Pregare cambia il cuore, diventi ciò che ami

Dal deserto al Tabor; dalla domenica dell'ombra che ci minaccia, alla domenica della luce che ci abita. Ciò che è avvenuto in Cristo avverrà in ciascuno, lui è il volto ultimo e alto dell'uomo, icona di Dio dipinta, come le antiche icone greche, su di un fondo d'oro, che traspare dalle ferite e dai graffi della vita, come da misteriose feritoie. Il racconto della trasfigurazione è collocato in un contesto duro e difficile: Gesù ha appena consegnato ai suoi il primo annuncio della passione: il figlio dell'uomo deve soffrire molto, essere rifiutato, venire ucciso. E subito, dentro quel momento di oscurità, il vangelo ci regala il volto di Cristo che gronda luce, su cui tenere fissi gli occhi per affrontare il momento in cui la vita gronda sangue, per tutti, come per Gesù nell'orto degli ulivi.
Gesù salì su di un alto monte a pregare. I monti sono come indici puntati verso il cielo, verso il mistero di Dio e la sua salvezza, raccontano che la vita è un ascendere silenzioso e tenace verso più luce, più orizzonti, più cielo.
Gesù sale per pregare. La preghiera è mettersi in viaggio: destinazione Tabor, un battesimo di luce e di silenzio; destinazione futuro, un futuro più buono; approdo è il cuore di luce di Dio.
Mentre pregava il suo volto cambiò di aspetto. Pregare trasforma. Pregare cambia il cuore, tu diventi ciò che contempli, ciò che ascolti, ciò che ami, Colui che preghi: è nel contatto con il Padre che la nostra realtà si illumina, e appare in tutta la sua lucentezza e profondità.
In qualche momento privilegiato, toccati dalla gioia, dalla dolcezza di Dio, forse ci è capitato di dire, come Pietro: Signore, che bello! Vorrei che questo momento durasse per sempre. Facciamo qui tre tende? E una voce interiore diceva: è bello stare su questa terra, gravida di luce. È bello essere uomini, dentro questa umanità che pian piano si libera, cresce, ascende. È bello vivere.

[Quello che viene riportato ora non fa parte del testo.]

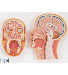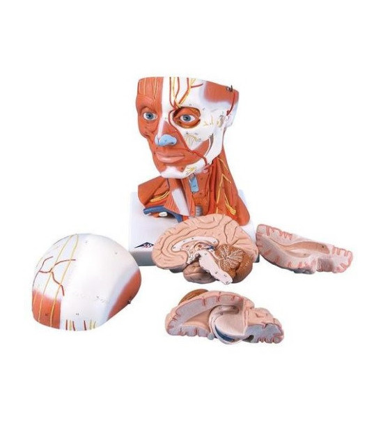 Zobrazenie povrchného a hĺbkového svalstva, nervov a ciev. Rozkladateľný model svalstva hlavy a krku sobsahuje aj trojdielny mozog. Tento vysoko kvalitný model je dodávaný na základnej doske.

Le parole di Pietro trasmettono una esperienza precisa: Dio è bello. Invece La nostra predicazione ha ridotto Dio in miseria, relegato a rovistare nel passato e nel peccato dell'uomo. Ora sta a noi restituirgli il suo volto solare, testimoniare un Dio bello, desiderabile, interessante. Il Dio del futuro, delle fioriture, un Dio da gustare e da godere. Come san Francesco quando prega: tu sei bellezza, tu sei bellezza. Come sant'Agostino: tardi ti ho amato bellezza tanto antica e tanto nuova. Sarà come bere alle sorgenti della luce, agli orli dell'infinito.
Davvero il cristianesimo è proprio la religione della penitenza, della mortificazione, del sacrificio, come molti pensano? No, il vangelo è la bella notizia che Dio regala vita a chi produce amore.